About this task:
Transcribe only the part of the material below that begins at the line containing "Лазарев, по всей" and ends at the line containing "Apellido de autor, Primera", with both kept and images left out.

Data extract:

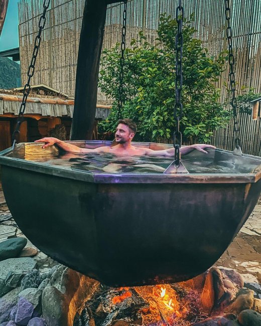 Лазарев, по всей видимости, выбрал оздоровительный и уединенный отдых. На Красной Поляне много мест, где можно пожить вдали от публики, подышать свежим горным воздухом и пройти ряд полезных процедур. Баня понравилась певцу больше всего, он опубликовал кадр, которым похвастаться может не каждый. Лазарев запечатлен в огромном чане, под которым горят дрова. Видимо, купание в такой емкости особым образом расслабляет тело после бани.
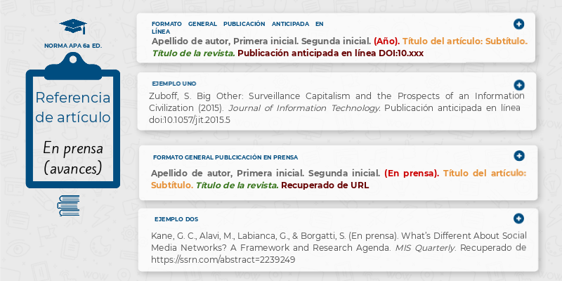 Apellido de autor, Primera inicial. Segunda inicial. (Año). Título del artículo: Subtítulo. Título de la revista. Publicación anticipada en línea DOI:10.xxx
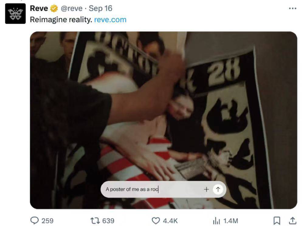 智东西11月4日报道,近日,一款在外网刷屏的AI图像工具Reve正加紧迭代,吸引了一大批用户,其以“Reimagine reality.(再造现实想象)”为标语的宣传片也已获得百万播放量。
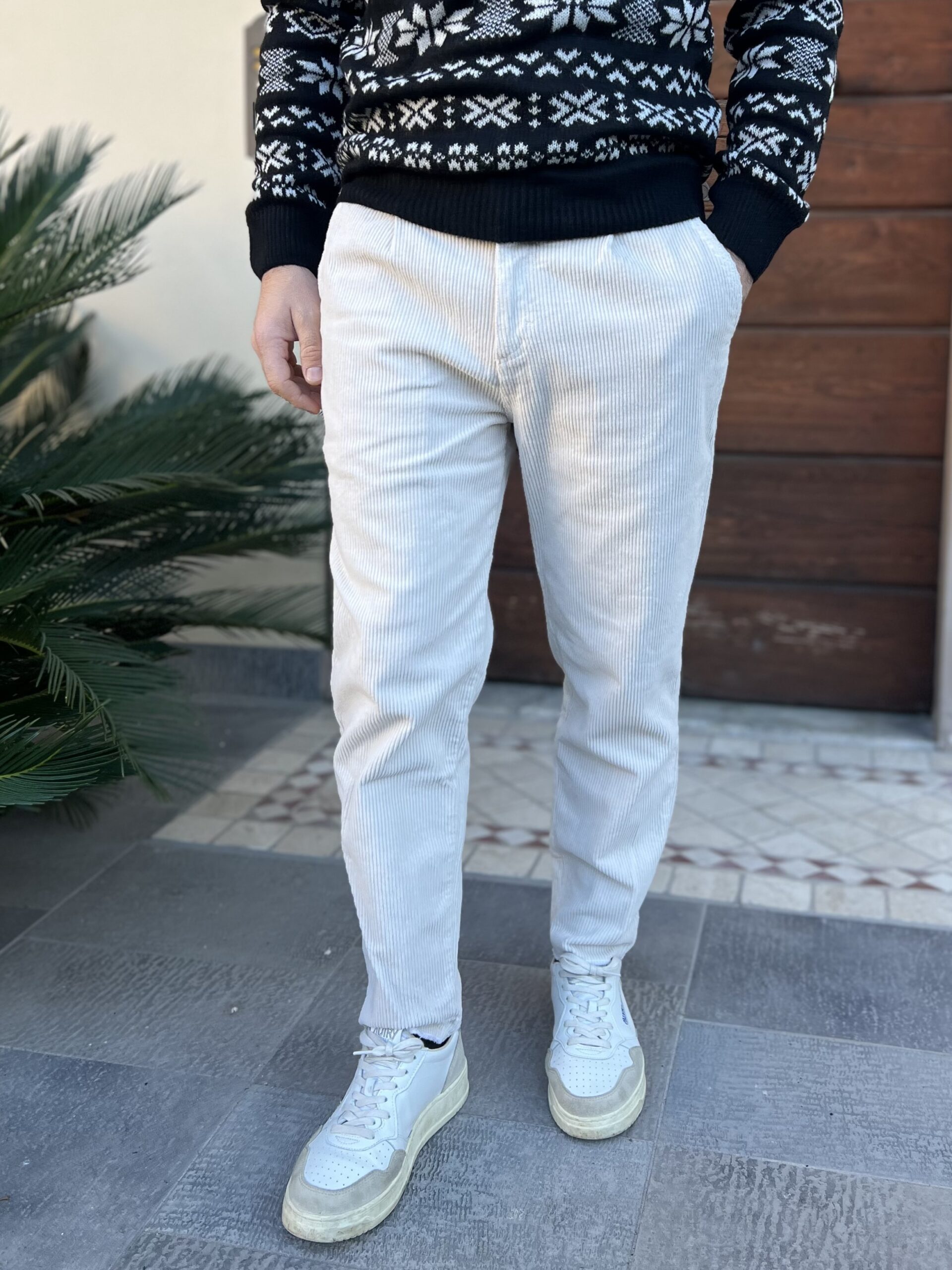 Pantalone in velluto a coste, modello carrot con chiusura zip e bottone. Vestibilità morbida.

...

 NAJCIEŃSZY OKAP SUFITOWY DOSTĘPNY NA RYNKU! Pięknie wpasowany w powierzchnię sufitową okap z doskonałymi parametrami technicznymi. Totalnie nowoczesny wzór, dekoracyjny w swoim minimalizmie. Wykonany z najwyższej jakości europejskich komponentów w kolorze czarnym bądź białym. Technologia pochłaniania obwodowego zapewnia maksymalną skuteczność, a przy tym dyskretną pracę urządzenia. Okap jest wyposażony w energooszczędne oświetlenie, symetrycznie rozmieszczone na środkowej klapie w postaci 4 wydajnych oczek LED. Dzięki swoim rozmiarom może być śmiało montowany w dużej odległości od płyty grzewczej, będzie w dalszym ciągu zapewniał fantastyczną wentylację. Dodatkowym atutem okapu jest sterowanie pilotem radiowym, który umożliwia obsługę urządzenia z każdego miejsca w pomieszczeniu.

Result for this task:
 Лазарев, по всей видимости, выбрал оздоровительный и уединенный отдых. На Красной Поляне много мест, где можно пожить вдали от публики, подышать свежим горным воздухом и пройти ряд полезных процедур. Баня понравилась певцу больше всего, он опубликовал кадр, которым похвастаться может не каждый. Лазарев запечатлен в огромном чане, под которым горят дрова. Видимо, купание в такой емкости особым образом расслабляет тело после бани.
 Apellido de autor, Primera inicial. Segunda inicial. (Año). Título del artículo: Subtítulo. Título de la revista. Publicación anticipada en línea DOI:10.xxx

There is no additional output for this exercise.